# Derivatives cont'd...

• Feb 24th 2010, 02:47 PM
Jools
Derivatives cont'd...
I have another derivative question, this one's a little more complicated...

Find the derivative of the following:

h(x) = 3e^((sin)(x+2))

I'm having a hard time even getting started on this one...
• Feb 24th 2010, 04:18 PM
satx
Quote:

Originally Posted by Jools
I have another derivative question, this one's a little more complicated...

Find the derivative of the following:

h(x) = 3e^((sin)(x+2))

I'm having a hard time even getting started on this one...

This is precalc? Wow. We didn't even touch derivatives when I took it. Good luck...
• Feb 25th 2010, 12:25 AM
mathemagister
Quote:

Originally Posted by Jools
I have another derivative question, this one's a little more complicated...

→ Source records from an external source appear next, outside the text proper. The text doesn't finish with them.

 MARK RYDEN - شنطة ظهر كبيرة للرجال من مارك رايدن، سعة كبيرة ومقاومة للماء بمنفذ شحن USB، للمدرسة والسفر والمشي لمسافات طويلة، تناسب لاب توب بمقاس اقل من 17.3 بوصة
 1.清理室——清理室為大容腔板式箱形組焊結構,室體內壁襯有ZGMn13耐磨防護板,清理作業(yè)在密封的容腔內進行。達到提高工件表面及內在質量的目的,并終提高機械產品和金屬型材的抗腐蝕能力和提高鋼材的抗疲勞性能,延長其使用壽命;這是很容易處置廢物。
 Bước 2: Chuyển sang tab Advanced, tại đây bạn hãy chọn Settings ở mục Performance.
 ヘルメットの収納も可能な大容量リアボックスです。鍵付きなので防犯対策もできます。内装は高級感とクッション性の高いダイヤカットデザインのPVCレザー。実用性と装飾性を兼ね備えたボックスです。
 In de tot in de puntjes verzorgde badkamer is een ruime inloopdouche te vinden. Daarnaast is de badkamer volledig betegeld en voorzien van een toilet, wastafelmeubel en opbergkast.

Find the derivative of the following:

h(x) = 3e^((sin)(x+2))

I'm having a hard time even getting started on this one...

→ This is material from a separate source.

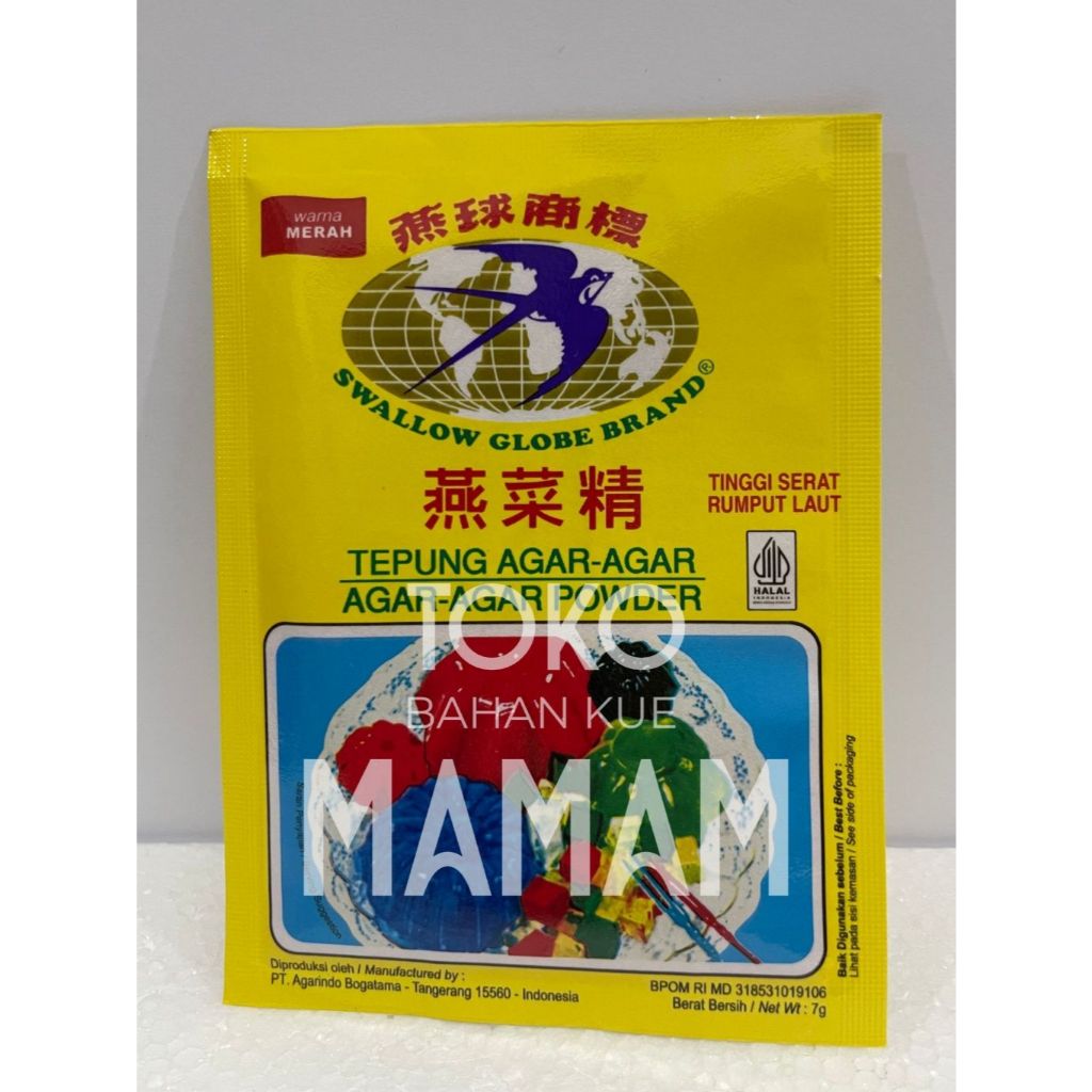 Tepung agar-agar Swallow Globe Brand Berat bersih 7g per sachet .

What do you mean by (sin)(x+2)? Do you mean:

$\displaystyle h(x) = 3e^{\sin(x+2)}$

Using the chain rule: the derivative of $\displaystyle e^{f(x)}$ is $\displaystyle e^{f(x)} \cdot f'(x)$

$\displaystyle h'(x) = 3e^{\sin(x+2)} \cdot \cos(x+2) \cdot 1 = 3 \cos(x+2) e^{\sin(x+2)}$
• Feb 25th 2010, 12:29 AM
mathemagister
Quote:

Originally Posted by Jools
I have another derivative question, this one's a little more complicated...

Find the derivative of the following:

h(x) = 3e^((sin)(x+2))

I'm having a hard time even getting started on this one...

In case you meant:

$\displaystyle h(x) = 3e^{(\sin{x})(x+2)}$

Then, using the same method I did before and the product rule:

$\displaystyle h'(x) = 3e^{(\sin{x})(x+2)} [(\sin{x}) + (x+2)\cos{x}]$

Do you understand it now? :)
• Feb 25th 2010, 06:05 AM
Jools
Thank you! I do... There's just so many varaitions of the chain rule, I have a hard time determining which one to use... I guess practise will be the key.
• Feb 26th 2010, 04:05 AM
HallsofIvy
There is only one chain rule- applied to many different functions.